Of the lines listed below, return exactly those that run from the line containing "Попытка художника привлечь" through the line containing "Faux silk panel", both included.

*Task material:*
───
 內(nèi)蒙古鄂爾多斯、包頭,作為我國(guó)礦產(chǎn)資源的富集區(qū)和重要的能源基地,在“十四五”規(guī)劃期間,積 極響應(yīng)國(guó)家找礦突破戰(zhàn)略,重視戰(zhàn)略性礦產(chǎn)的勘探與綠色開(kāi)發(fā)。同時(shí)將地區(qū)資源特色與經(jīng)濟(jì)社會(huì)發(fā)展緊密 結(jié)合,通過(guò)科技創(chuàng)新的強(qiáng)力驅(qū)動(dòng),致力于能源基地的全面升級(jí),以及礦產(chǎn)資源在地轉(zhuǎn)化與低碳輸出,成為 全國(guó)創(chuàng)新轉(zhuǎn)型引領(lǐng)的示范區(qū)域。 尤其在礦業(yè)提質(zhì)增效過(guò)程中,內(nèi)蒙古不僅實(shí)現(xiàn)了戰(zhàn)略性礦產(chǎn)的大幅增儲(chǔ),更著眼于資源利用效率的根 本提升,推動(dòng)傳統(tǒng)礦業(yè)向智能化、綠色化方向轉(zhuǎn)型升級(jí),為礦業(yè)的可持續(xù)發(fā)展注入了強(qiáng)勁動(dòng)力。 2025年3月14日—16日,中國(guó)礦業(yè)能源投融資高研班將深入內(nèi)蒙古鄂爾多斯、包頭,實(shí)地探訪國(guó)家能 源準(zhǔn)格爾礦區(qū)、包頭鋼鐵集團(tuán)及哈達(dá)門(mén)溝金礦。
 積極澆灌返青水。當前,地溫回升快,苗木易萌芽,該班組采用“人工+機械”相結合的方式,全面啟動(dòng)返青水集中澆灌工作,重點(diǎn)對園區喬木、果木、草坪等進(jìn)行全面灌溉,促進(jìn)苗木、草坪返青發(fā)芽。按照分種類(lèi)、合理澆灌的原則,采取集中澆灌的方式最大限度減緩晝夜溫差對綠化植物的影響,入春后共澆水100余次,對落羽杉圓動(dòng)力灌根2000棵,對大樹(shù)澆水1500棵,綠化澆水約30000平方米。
───
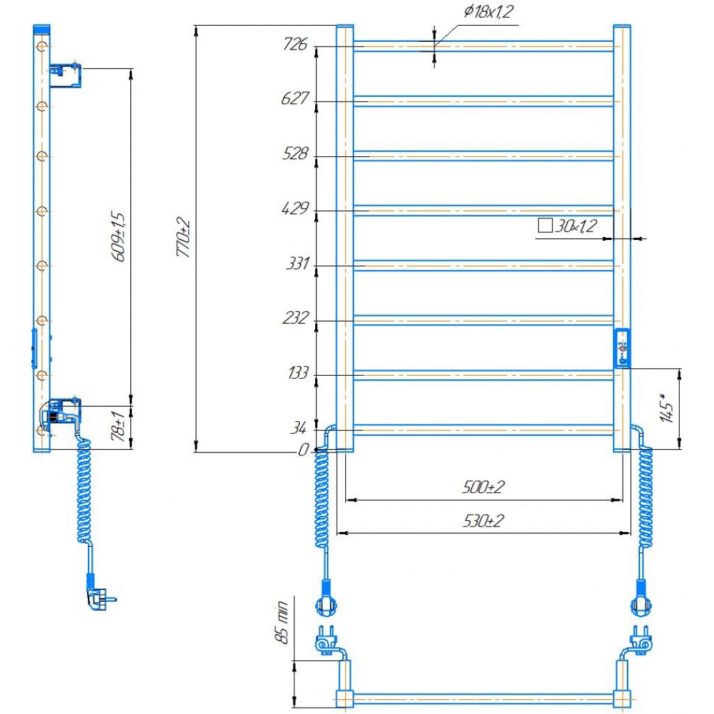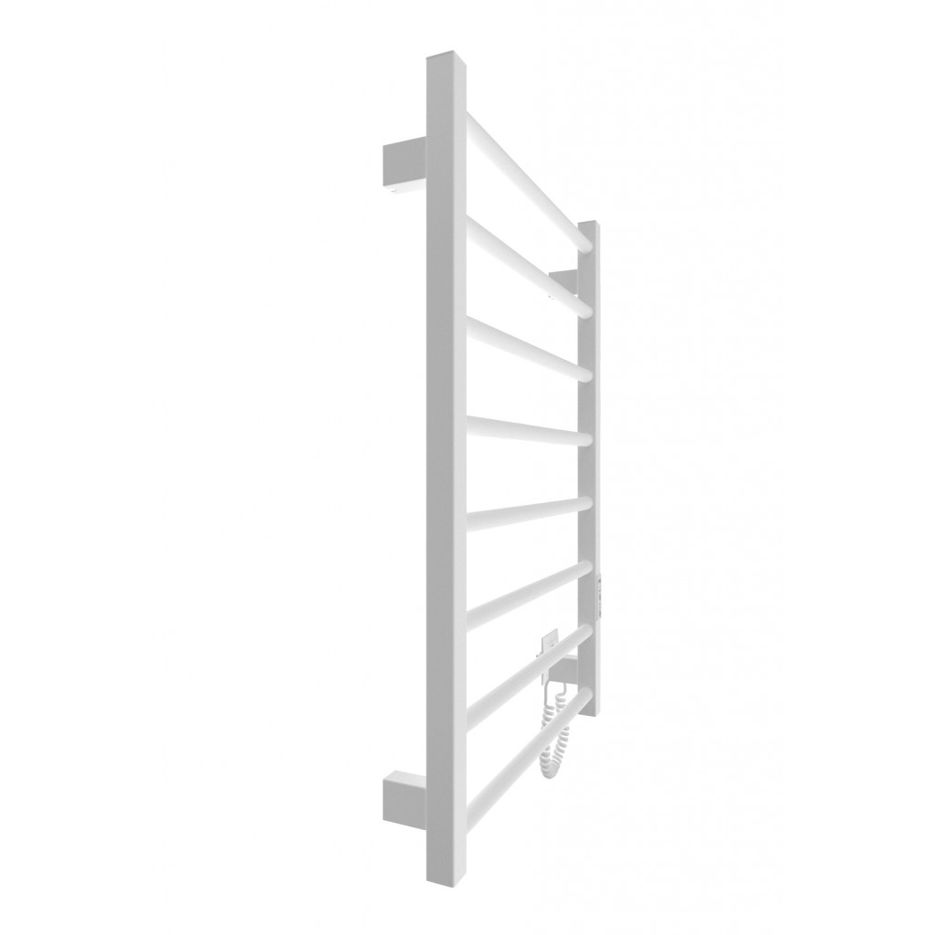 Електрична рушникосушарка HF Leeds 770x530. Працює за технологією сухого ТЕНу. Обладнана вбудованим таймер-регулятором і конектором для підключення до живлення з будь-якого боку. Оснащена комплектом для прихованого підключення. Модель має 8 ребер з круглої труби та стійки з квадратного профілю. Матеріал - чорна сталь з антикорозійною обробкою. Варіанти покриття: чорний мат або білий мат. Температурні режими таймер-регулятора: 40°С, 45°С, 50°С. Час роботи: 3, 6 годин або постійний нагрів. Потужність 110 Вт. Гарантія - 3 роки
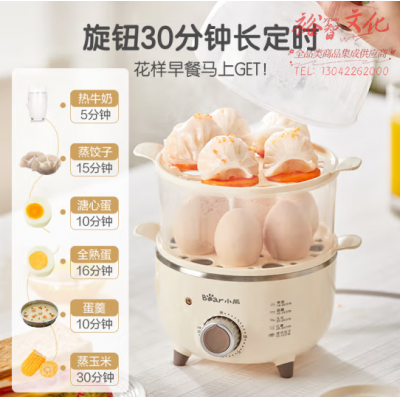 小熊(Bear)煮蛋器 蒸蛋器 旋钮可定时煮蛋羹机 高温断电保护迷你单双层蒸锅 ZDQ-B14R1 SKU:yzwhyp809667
───
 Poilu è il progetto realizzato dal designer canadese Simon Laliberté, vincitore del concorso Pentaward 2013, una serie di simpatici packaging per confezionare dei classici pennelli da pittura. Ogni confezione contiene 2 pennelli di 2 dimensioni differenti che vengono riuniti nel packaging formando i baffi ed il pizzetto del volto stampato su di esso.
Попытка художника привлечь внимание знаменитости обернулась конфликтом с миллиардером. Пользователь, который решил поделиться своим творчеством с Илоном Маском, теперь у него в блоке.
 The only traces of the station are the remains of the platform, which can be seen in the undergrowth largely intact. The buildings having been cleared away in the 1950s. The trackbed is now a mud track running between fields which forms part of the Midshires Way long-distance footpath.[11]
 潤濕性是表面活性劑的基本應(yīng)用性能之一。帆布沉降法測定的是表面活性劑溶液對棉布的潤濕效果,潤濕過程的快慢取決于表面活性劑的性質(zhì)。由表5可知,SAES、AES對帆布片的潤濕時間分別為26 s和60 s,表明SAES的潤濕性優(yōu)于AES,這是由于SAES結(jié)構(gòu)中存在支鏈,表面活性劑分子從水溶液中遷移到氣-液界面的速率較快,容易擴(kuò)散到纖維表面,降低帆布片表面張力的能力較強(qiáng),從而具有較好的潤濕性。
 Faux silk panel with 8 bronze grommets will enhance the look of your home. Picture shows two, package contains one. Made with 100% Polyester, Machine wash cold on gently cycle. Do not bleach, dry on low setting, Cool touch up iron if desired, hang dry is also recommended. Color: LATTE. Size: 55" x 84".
───
*Expected output:*
Попытка художника привлечь внимание знаменитости обернулась конфликтом с миллиардером. Пользователь, который решил поделиться своим творчеством с Илоном Маском, теперь у него в блоке.
 The only traces of the station are the remains of the platform, which can be seen in the undergrowth largely intact. The buildings having been cleared away in the 1950s. The trackbed is now a mud track running between fields which forms part of the Midshires Way long-distance footpath.[11]
 潤濕性是表面活性劑的基本應(yīng)用性能之一。帆布沉降法測定的是表面活性劑溶液對棉布的潤濕效果,潤濕過程的快慢取決于表面活性劑的性質(zhì)。由表5可知,SAES、AES對帆布片的潤濕時間分別為26 s和60 s,表明SAES的潤濕性優(yōu)于AES,這是由于SAES結(jié)構(gòu)中存在支鏈,表面活性劑分子從水溶液中遷移到氣-液界面的速率較快,容易擴(kuò)散到纖維表面,降低帆布片表面張力的能力較強(qiáng),從而具有較好的潤濕性。
 Faux silk panel with 8 bronze grommets will enhance the look of your home. Picture shows two, package contains one. Made with 100% Polyester, Machine wash cold on gently cycle. Do not bleach, dry on low setting, Cool touch up iron if desired, hang dry is also recommended. Color: LATTE. Size: 55" x 84".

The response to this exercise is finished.